Besides their mere length, negations represent a particularly challenging aspect of natural language queries. Consider the following example, taken from Topic 1 of the TREC 2014 Clinical Decision Support Track: “She denies smoking, diabetes, hypercholesterolemia, or a family history of heart disease.” The clinical practitioner encoded explicit knowledge of the absence or invalidity of a range of conditions or ﬁndings but our term-based retrieval model readily uses the entire negated passage as query terms. This inappropriate use of the carefully curated clinical narrative results in measurable detriments in retrieval performance. We quantified this effect by comparing two sets of TREC 2014 case reports: those containing no negations D+ (14 reports), and those containing at least some negated information D− (16 reports). We found a clear negative impact of the presence of negated terms on the retrieval results. Both normalised discounted cumulative gain (nDCG; 25% improvement) and P@10 (9.6% improvement) were signiﬁcantly higher for D+ than D−.
This observation is not just limited to small academic collections such as the TREC corpus, but also holds in real-world clinical environments. Chapman et al.  found between 39% and 83% of all clinical observations to be described in a negated form.
In this paper, we empirically compare state-of-the-art query ﬁltering techniques, as well as novel query-adaptive retrieval models, that actively use negated terms as negative relevance feedback. Our investigation was based on corpora and relevance judgements of the TREC 2014 Clinical Decision Support Track and highlights the merit of the proposed method.

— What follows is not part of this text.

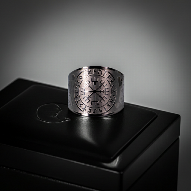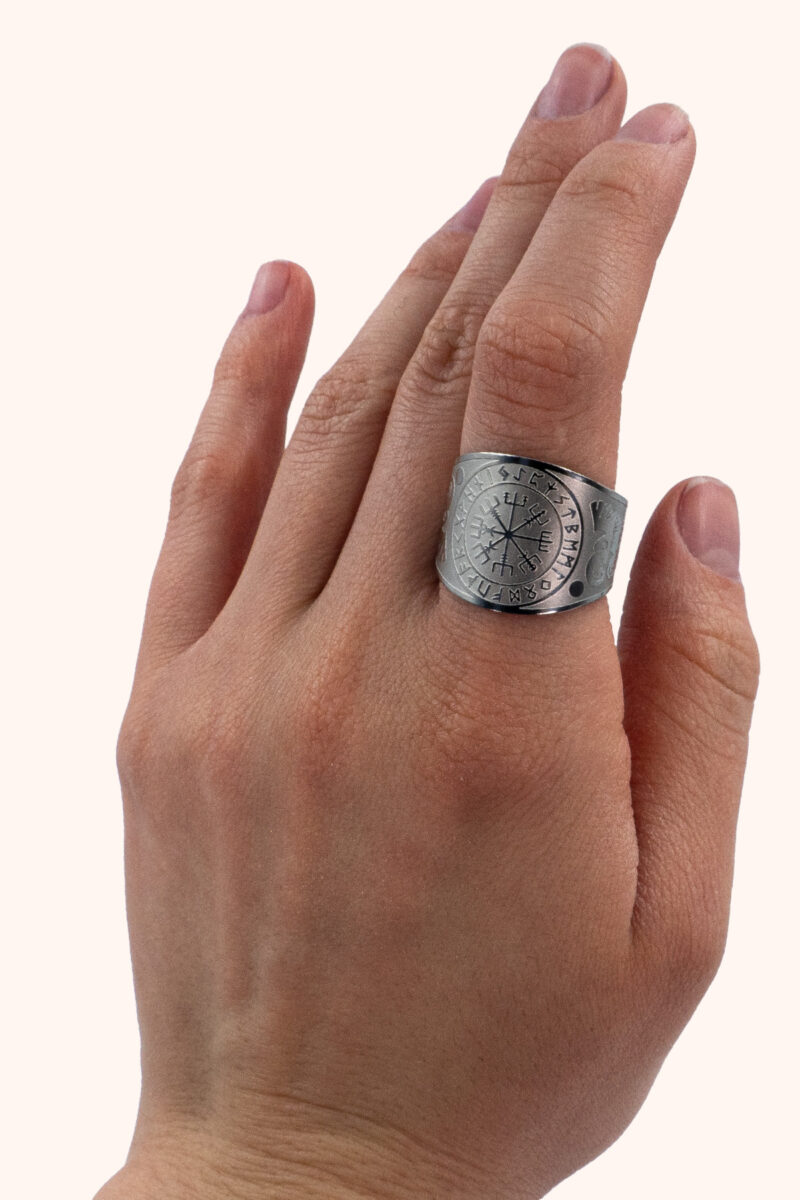 Dieser ausdrucksstarke Ring aus Edelstahl in edlem Silberton steht für Reinheit, Intuition und geistige Klarheit. Der eingravierte Kompass erinnert dich täglich daran, dass deine Wahrheit der sicherste Wegweiser ist.

This study built on previous ﬁndings from both automatic negation detection in natural language processing and negative relevance feedback for retrieval models. The following paragraphs summarise the most relevant developments in both ﬁelds.

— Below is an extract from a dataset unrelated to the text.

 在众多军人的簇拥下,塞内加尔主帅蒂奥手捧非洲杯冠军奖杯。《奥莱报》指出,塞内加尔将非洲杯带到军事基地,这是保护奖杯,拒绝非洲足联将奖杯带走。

Rokach et al.  provided an extensive overview of negation recognition methods for medical narrative reports. The previous work could be categorised into knowledge engineering and machine learning-based approaches. We will discuss one representative example per category. Chapman et al.  proposed NegEx, a regular expression-based algorithm to detect negated ﬁndings in radiology reports. Testing this algorithm on 1235 ﬁndings and diseases in 1000 sentences taken from discharge summaries, NegEx achieved a speciﬁcity of 94.5% and a sensitivity of 77.8%. As an example of machine-learned negation detectors, Agrawal et al.  presented a conditional random ﬁeld model, designed to detect negation cues and their respective scopes. The model was trained on the publicly available BioScope corpus . This approach outperformed NegEx with F1 scores of 98% for detecting cues and 95% for detecting scopes.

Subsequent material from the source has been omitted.